Receive a weekly summary and discussion of the top papers of the week by leading researchers in the field.

In BMC medical informatics and decision making ; h5-index 38.0

In recent years, relation extraction on unstructured texts has become an important task in medical research. However, relation extraction requires a large amount of labeled corpus, manually annotating sequences is time consuming and expensive. Therefore, efficient and economical methods for annotating sequences are required to ensure the performance of relational extraction. This paper proposes a method of subsequence and distant supervision based active learning.
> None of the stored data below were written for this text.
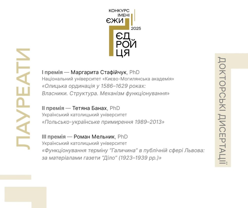 Капітула Конкурсу імені Єжи Ґєдройця присудила премії студентам і молодим українським дослідникам за найкращі бакалаврські та докторські роботи на польську тематику, а також на тему польсько-українських і українсько-польських взаємин. У номінації «Магістерські роботи» цьогоріч переможців немає. Три бакалаврські роботи отримали відзнаки.
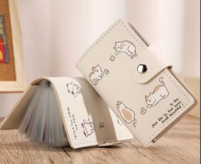 Damen-Kartenhalter, RFID-blockierende Geldbörse, mehrere Fächer, ultradünnes Design, Schnappverschluss, sicherer und stilvoller minimalistischer Kreditkarten-Organizer mit Katzen Motiv geeignet für Männer und Frauen
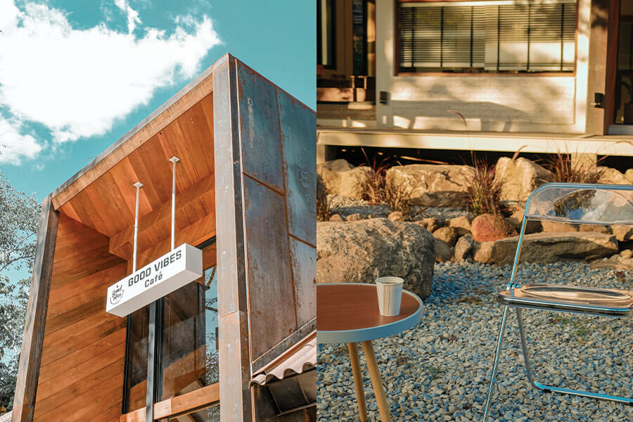 Goodvibes weather cafe สาขาใหม่ที่ตั้งอยู่ท่ามกลางขุนเขามีธารน้ำไหลผ่านดีต่อใจ ตัวร้านเน้นการตกแต่งสไตล์มินิมอลเน้นบรรยากาศโปร่งโล่งสบาย ให้ฟีลธรรมชาติสุดๆ อีกทั้งสามารถเลือกนั่งชิลล์ได้ทั้งโซน Indoor และ Outdoor ที่จะได้สัมผัสบรรยากาศธรรมชาติสดชื่นสุดๆ เมนูอาหารมีหลากหลายทั้ง เค้ก บราวนี่ ชีสเค้กหน้าไหม้ เครื่องดื่มเติมความสดชื่นอย่าง ส้มโซดา D Toffee, Rapper, T-RA, Dark Weather, Summer และอีกหลากหลายเมนูที่บอกเลยว่าปังมาก!
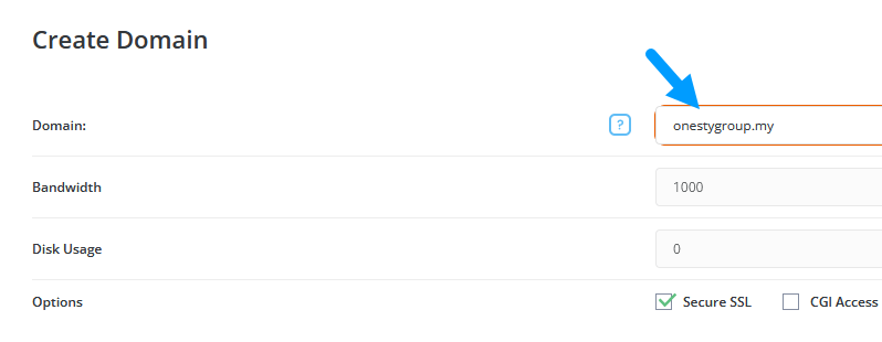 1. Masuk ke dalam Control Panel Cari Domain Setup
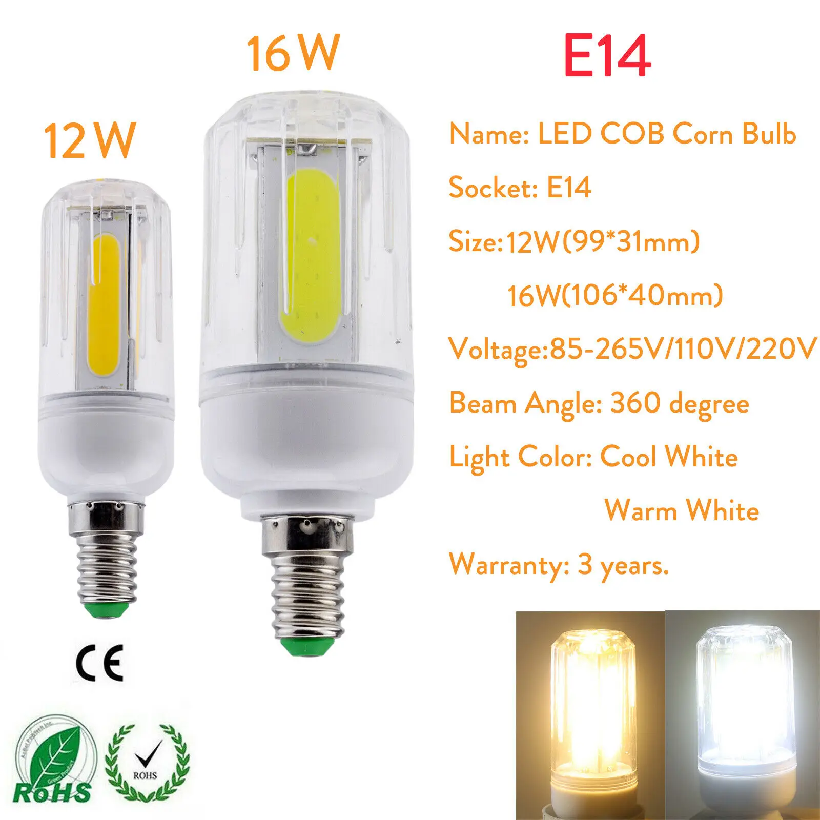 COB светодиодный светильник для кукурузы Спецификация:

The method is annotated by selecting information-rich subsequences as a sampling unit instead of the full sentences in traditional active learning. Additionally, the method saves the labeled subsequence texts and their corresponding labels in a dictionary which is continuously updated and maintained, and pre-labels the unlabeled set through text matching based on the idea of distant supervision. Finally, the method combines a Chinese-RoBERTa-CRF model for relation extraction in Chinese medical texts. Experimental results test on the CMeIE dataset achieves the best performance compared to existing methods. And the best F1 value obtained between different sampling strategies is 55.96%.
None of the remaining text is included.